TL;DR
- Crypto.com applied for a National Trust Bank Charter with the U.S. OCC.
- The goal is to offer federally regulated digital asset custody services for institutional clients.
- This move follows the strategy of Ripple and Circle to integrate with the traditional banking system.
Crypto.com is seeking deeper integration with the United States financial system. The popular cryptocurrency exchange filed a formal application for a National Trust Bank Charter with the Office of the Comptroller of the Currency (OCC). This is a definitive step that could transform Crypto.com into one of the first federally regulated crypto-asset custodians in the country.

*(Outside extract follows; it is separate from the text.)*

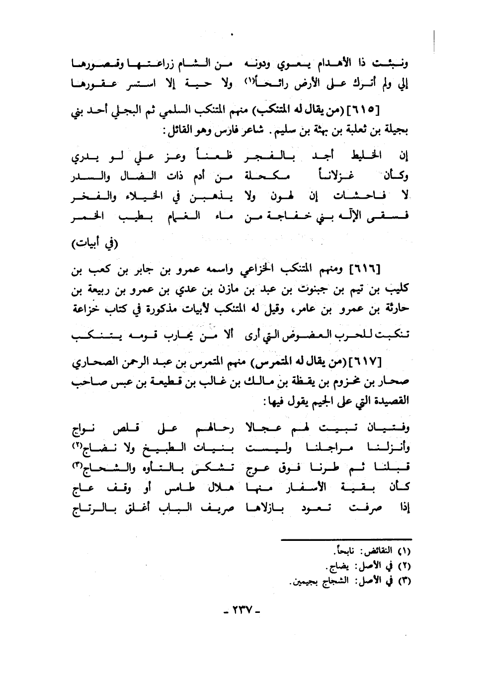 في أبيات ومنهم المتنكب الخزاعي واسمه عمرو بن جابر بن كعب بن كليب بن تيم بن جبنوت بن عبد بن مازن بن عدي بن عمرو بن ربية بن حارثة بن عمرو بن عامر، وقيل له المتنكب لأبيات مذكورة في كتاب خزاعة
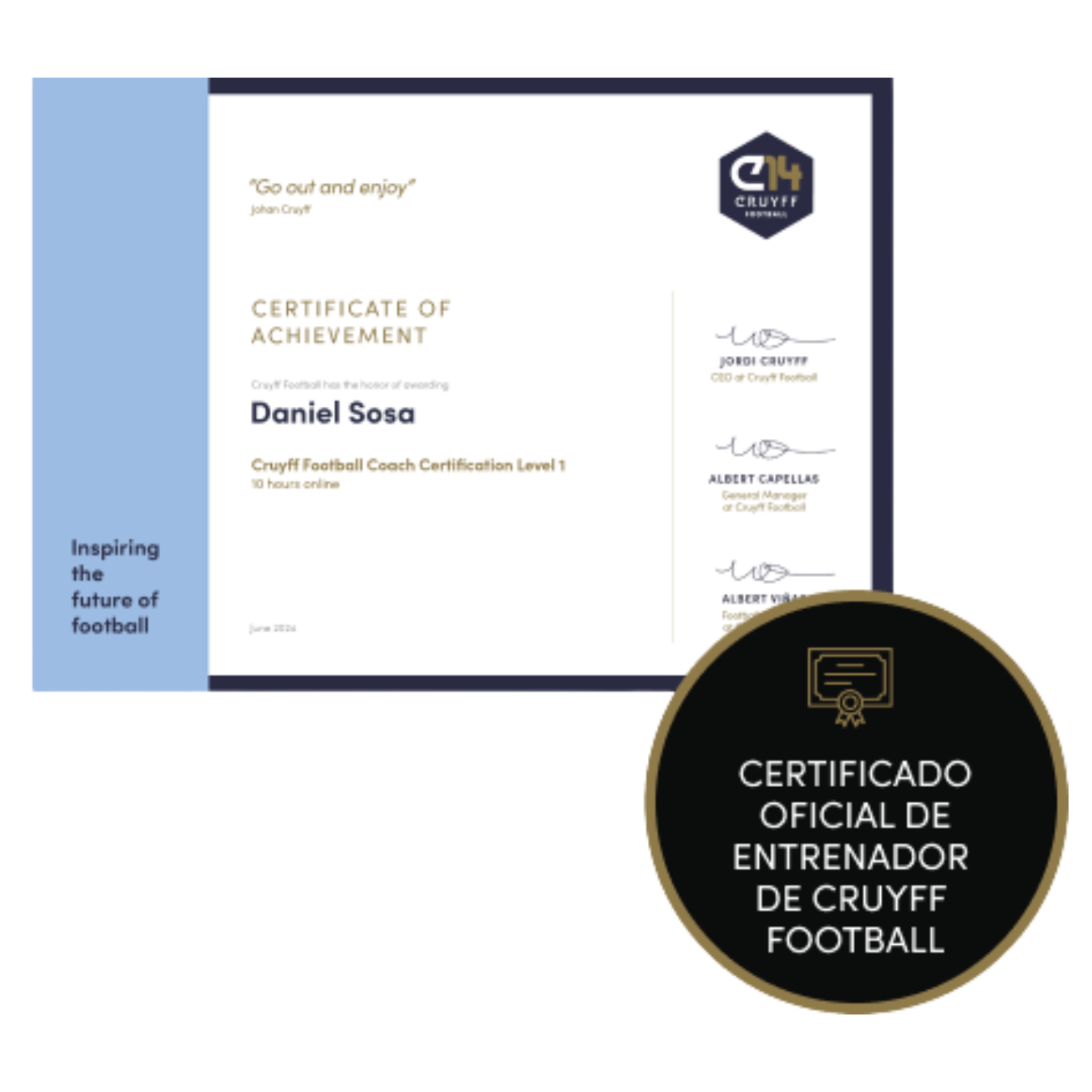 Inspirado en el legendario Johan Cruyff, un visionario en el fútbol cuyo enfoque único continúa impactando en el juego.Las certificaciones incorporan su filosofía para mejorar el rendimiento del equipo y de los jugadores, centrándose en la competencia técnica, la toma de decisiones y la creatividad. Se trata de cursos integrales diseñados para desarrollar habilidades efectivas de entrenamiento, preparando a los entrenadores para alcanzar la excelencia en el fútbol.

The license would allow the firm to operate under a framework similar to national banks, offering essential custody and treasury services for institutional clients. This includes managing digital assets, exchange-traded funds (ETFs), and staking products across multiple blockchains, notably its own Cronos network.
CEO Kris Marszalek explained that the decision reflects a long-term strategy to align with traditional finance. “Building trust has always been at the heart of our mission,” he stated, underscoring the goal of making cryptocurrencies as reliable and transparent as the banking sector itself.
Currently, Crypto.com already operates the Crypto.com Custody Trust Company (CCTC) under New Hampshire state supervision. The new federal application will not replace this structure but rather complement it, allowing the company to operate simultaneously at the state and federal levels.

The Trend Toward Federal Legitimacy
Industry analysts point out that the reason Crypto.com is seeking a federal banking license goes beyond mere compliance: it is an attempt to future-proof the company while Washington debates the long-awaited crypto market structure bill.
Crypto.com is not alone in this race. Both Ripple and Circle, major players in cross-border payments and stablecoins, have applied for similar federal charters. Coinbase has also started down this path, signaling a broad trend toward regulatory normalization. These firms recognize that the next era of growth will depend on regulatory adoption, not avoidance.
If approved, Crypto.com could offer federally-backed custody, something highly sought after by pension funds, corporate treasuries, and ETF issuers, who are wary of the current fragmented state-by-state oversight.
This effort also reflects a political shift, where regulators seem more willing to integrate digital assets into existing banking laws. Crypto.com’s application, although it will take months to process, demonstrates its clear intention to evolve from a simple exchange into a fully-fledged financial institution.